- Work required:
The output should match, line for line, the records from the line containing "Lenny the Lion and Lola the Lioness" through the line containing "Figure 2. Map", with every picture left out.

[Given information]

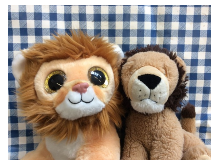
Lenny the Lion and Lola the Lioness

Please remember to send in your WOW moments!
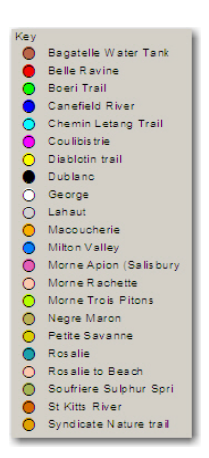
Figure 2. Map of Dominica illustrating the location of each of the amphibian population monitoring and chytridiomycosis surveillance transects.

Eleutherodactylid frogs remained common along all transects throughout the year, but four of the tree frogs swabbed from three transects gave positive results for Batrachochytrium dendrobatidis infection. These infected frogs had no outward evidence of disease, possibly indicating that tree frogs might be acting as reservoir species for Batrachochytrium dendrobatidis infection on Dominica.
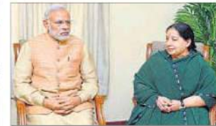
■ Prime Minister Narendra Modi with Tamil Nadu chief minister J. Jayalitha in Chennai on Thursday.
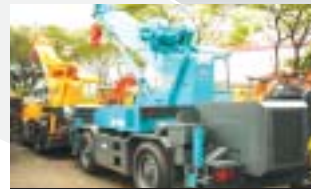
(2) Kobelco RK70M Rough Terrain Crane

[/Given information]
[Given information]

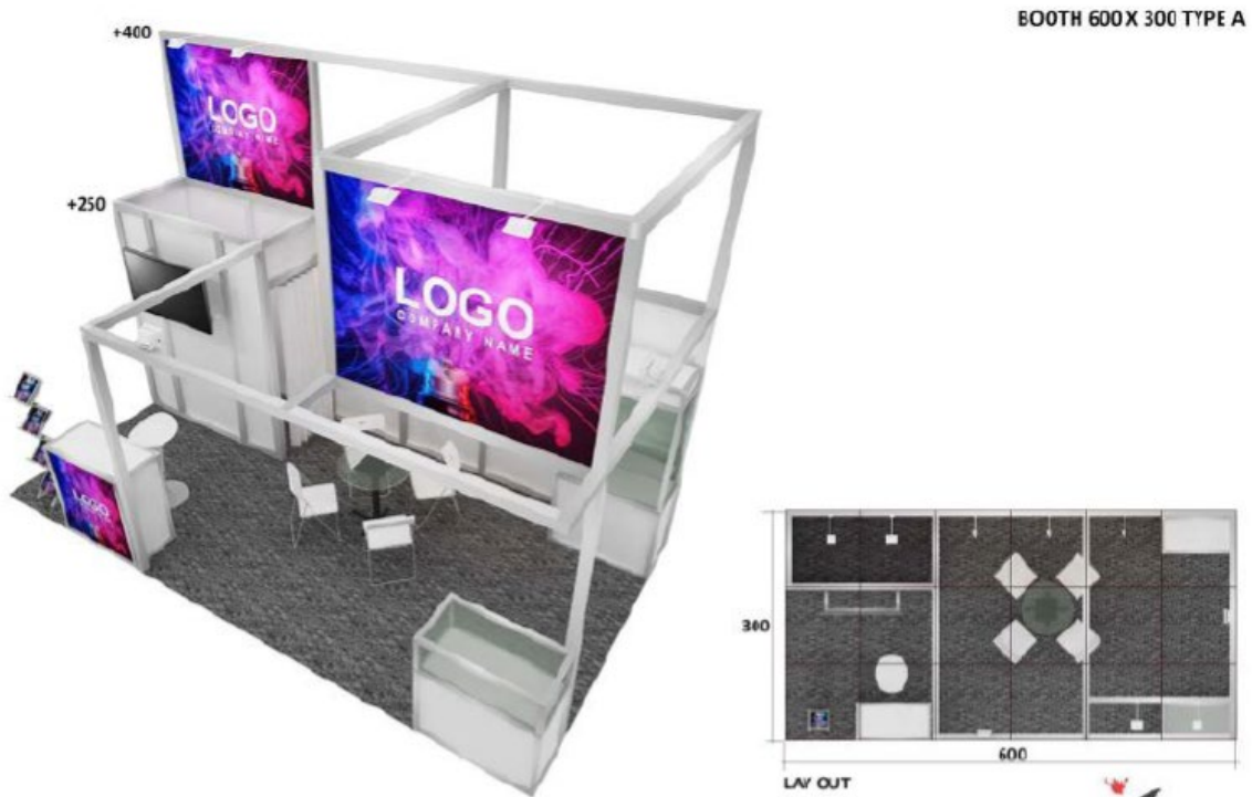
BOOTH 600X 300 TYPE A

[/Given information]

- Solution to this exercise:
Lenny the Lion and Lola the Lioness

Please remember to send in your WOW moments!
Figure 2. Map of Dominica illustrating the location of each of the amphibian population monitoring and chytridiomycosis surveillance transects.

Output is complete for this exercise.